Smooth density plots are aesthetically more appealing than histograms. Here is what a smooth density plot looks like for our heights data:
In this plot, we no longer have sharp edges at the interval boundaries and many of the local peaks have been removed. Also, the scale of the y-axis changed from counts to density.
To understand the smooth densities, we have to understand estimates, a topic we don’t cover until later. However, we provide a heuristic explanation to help you understand the basics so you can use this useful data visualization tool.
The main new concept you must understand is that we assume that our list of observed values is a subset of a much larger list of unobserved values. In the case of heights, you can imagine that our list of 812 male students comes from a hypothetical list containing all the heights of all the male students in all the world measured very precisely. Let’s say there are 1,000,000 of these measurements. This list of values has a distribution, like any list of values, and this larger distribution is really what we want to report to ET since it is much more general. Unfortunately, we don’t get to see it.
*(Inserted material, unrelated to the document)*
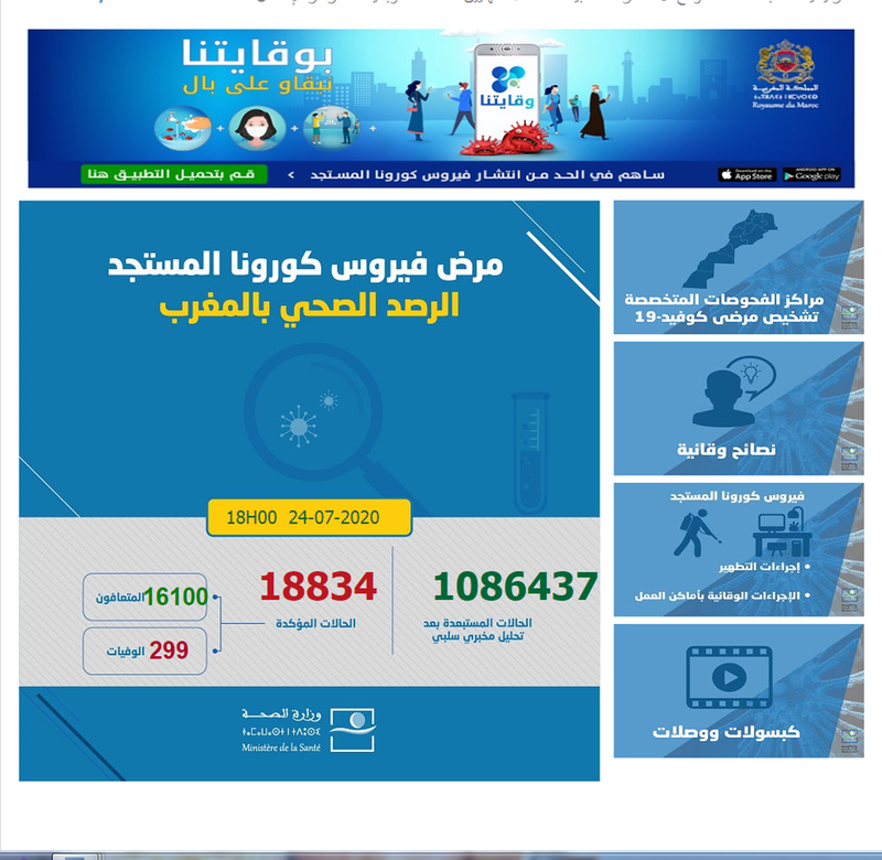 أعلنت وزارة الصحة، اليوم الجمعة، عن تسجيل 570 حالة إصابة جديدة بفيروس كورونا المستجد (كوفيد-19)، و228 حالة شفاء، وسبع حالات وفاة خلال الـ24 ساعة المنصرمة. وأوضح منسق المركز الوطني لعمليات طوارئ الصحة العامة بوزارة الصحة، السيد معاد لمرابط، في تصريح صحافي، أن الحصيلة الجديدة رفعت العدد الإجمالي لحالات الإصابة المؤكدة بالمملكة إلى 18 ألفا و834 حالة منذ الإعلان عن أول حالة في 2 مارس الماضي، ومجموع حالات الشفاء التام إلى 16 ألفا ومائة حالة بنسبة تعاف تناهز 5ر85 في المائة، فيما ارتفع عدد الوفيات إلى 299 حالة بمعدل إماتة بلغ 6ر1 في المائة.

However, we make an assumption that helps us perhaps approximate it. If we had 1,000,000 values, measured very precisely, we could make a histogram with very, very small bins. The assumption is that if we show this, the height of consecutive bins will be similar. This is what we mean by smooth: we don’t have big jumps in the heights of consecutive bins. Below we have a hypothetical histogram with bins of size 1:
The smaller we make the bins, the smoother the histogram gets. Here are the histograms with bin width of 1, 0.5, and 0.1:
The smooth density is basically the curve that goes through the top of the histogram bars when the bins are very, very small. To make the curve not depend on the hypothetical size of the hypothetical list, we compute the curve on frequencies rather than counts:
Now, back to reality. We don’t have millions of measurements. Instead, we have 812 and we can’t make a histogram with very small bins.
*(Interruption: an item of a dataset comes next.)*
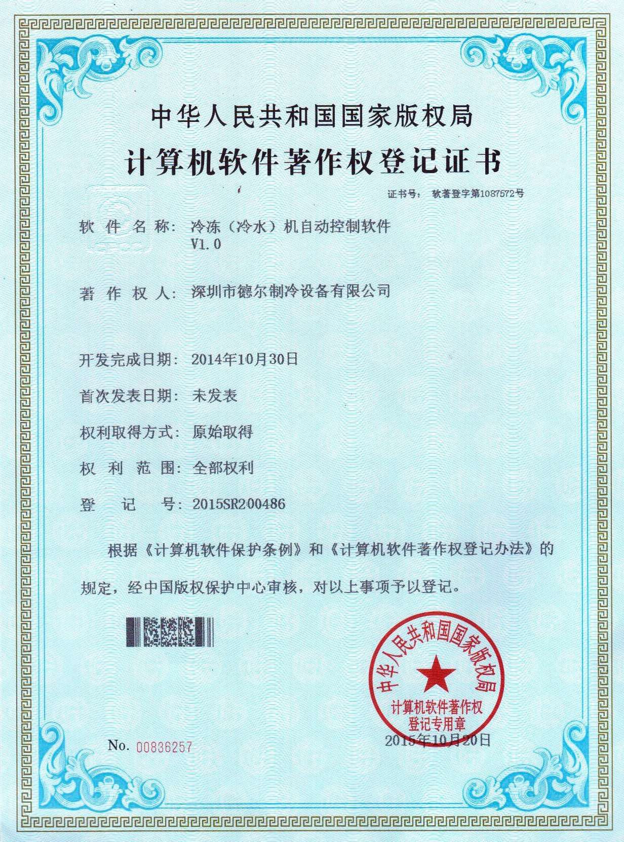 冷凍機(jī)組自控系統(tǒng) 軟件著作權(quán)證書

We therefore make a histogram, using bin sizes appropriate for our data and computing frequencies rather than counts, and we draw a smooth curve that goes through the tops of the histogram bars. The following plots demonstrate the steps that lead to a smooth density:
However, remember that smooth is a relative term. We can actually control the smoothness of the curve that defines the smooth density through an option in the function that computes the smooth density curve. Here are two examples using different degrees of smoothness on the same histogram:
We need to make this choice with care as the resulting visualizations can change our interpretation of the data. We should select a degree of smoothness that we can defend as being representative of the underlying data. In the case of height, we really do have reason to believe that the proportion of people with similar heights should be the same. For example, the proportion that is 72 inches should be more similar to the proportion that is 71 than to the proportion that is 78 or 65. This implies that the curve should be pretty smooth; that is, the curve should look more like the example on the right than on the left.
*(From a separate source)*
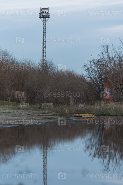 Лужа отражает высокую решетчатую коммуникационную башню, окруженную зарослями растительности. Мягкое освещение указывает на сумерки

While the histogram is an assumption-free summary, the smoothed density is based on some assumptions.
Note that interpreting the y-axis of a smooth density plot is not straightforward. It is scaled so that the area under the density curve adds up to 1. If you imagine we form a bin with a base 1 unit in length, the y-axis value tells us the proportion of values in that bin. However, this is only true for bins of size 1. For other size intervals, the best way to determine the proportion of data in that interval is by computing the proportion of the total area contained in that interval. For example, here are the proportion of values between 65 and 68:
The proportion of this area is about 0.3, meaning that about 30% of male heights are between 65 and 68 inches.
By understanding this, we are ready to use the smooth density as a summary. For this dataset, we would feel quite comfortable with the smoothness assumption, and therefore with sharing this aesthetically pleasing figure with ET, which he could use to understand our male heights data:
As a final note, we point out that an advantage of smooth densities over histograms for visualization purposes is that densities make it easier to compare two distributions. This is in large part because the jagged edges of the histogram add clutter. Here is an example comparing male and female heights:
With the right argument, ggplot
automatically shades the intersecting
region with a different color. We will show examples of ggplot2 code
for densities in Section 91 as well as Section
8.162.